Task statement: Give back the entries verbatim.
(Materials provided Opens)
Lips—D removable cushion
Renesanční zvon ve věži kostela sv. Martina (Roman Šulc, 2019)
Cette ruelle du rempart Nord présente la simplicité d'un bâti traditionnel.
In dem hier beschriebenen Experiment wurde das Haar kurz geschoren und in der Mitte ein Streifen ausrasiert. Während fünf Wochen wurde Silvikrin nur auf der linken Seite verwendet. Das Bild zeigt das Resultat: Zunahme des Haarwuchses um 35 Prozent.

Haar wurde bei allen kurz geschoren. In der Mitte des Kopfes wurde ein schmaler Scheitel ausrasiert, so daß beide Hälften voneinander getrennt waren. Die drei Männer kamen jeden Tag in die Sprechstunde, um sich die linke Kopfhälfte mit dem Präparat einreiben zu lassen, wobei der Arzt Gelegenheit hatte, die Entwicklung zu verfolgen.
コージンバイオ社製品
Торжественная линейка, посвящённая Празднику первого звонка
(Materials provided Closes)
Result of the exercise:
Lips—D removable cushion
Renesanční zvon ve věži kostela sv. Martina (Roman Šulc, 2019)
Cette ruelle du rempart Nord présente la simplicité d'un bâti traditionnel.
In dem hier beschriebenen Experiment wurde das Haar kurz geschoren und in der Mitte ein Streifen ausrasiert. Während fünf Wochen wurde Silvikrin nur auf der linken Seite verwendet. Das Bild zeigt das Resultat: Zunahme des Haarwuchses um 35 Prozent.

Haar wurde bei allen kurz geschoren. In der Mitte des Kopfes wurde ein schmaler Scheitel ausrasiert, so daß beide Hälften voneinander getrennt waren. Die drei Männer kamen jeden Tag in die Sprechstunde, um sich die linke Kopfhälfte mit dem Präparat einreiben zu lassen, wobei der Arzt Gelegenheit hatte, die Entwicklung zu verfolgen.
コージンバイオ社製品
Торжественная линейка, посвящённая Празднику первого звонка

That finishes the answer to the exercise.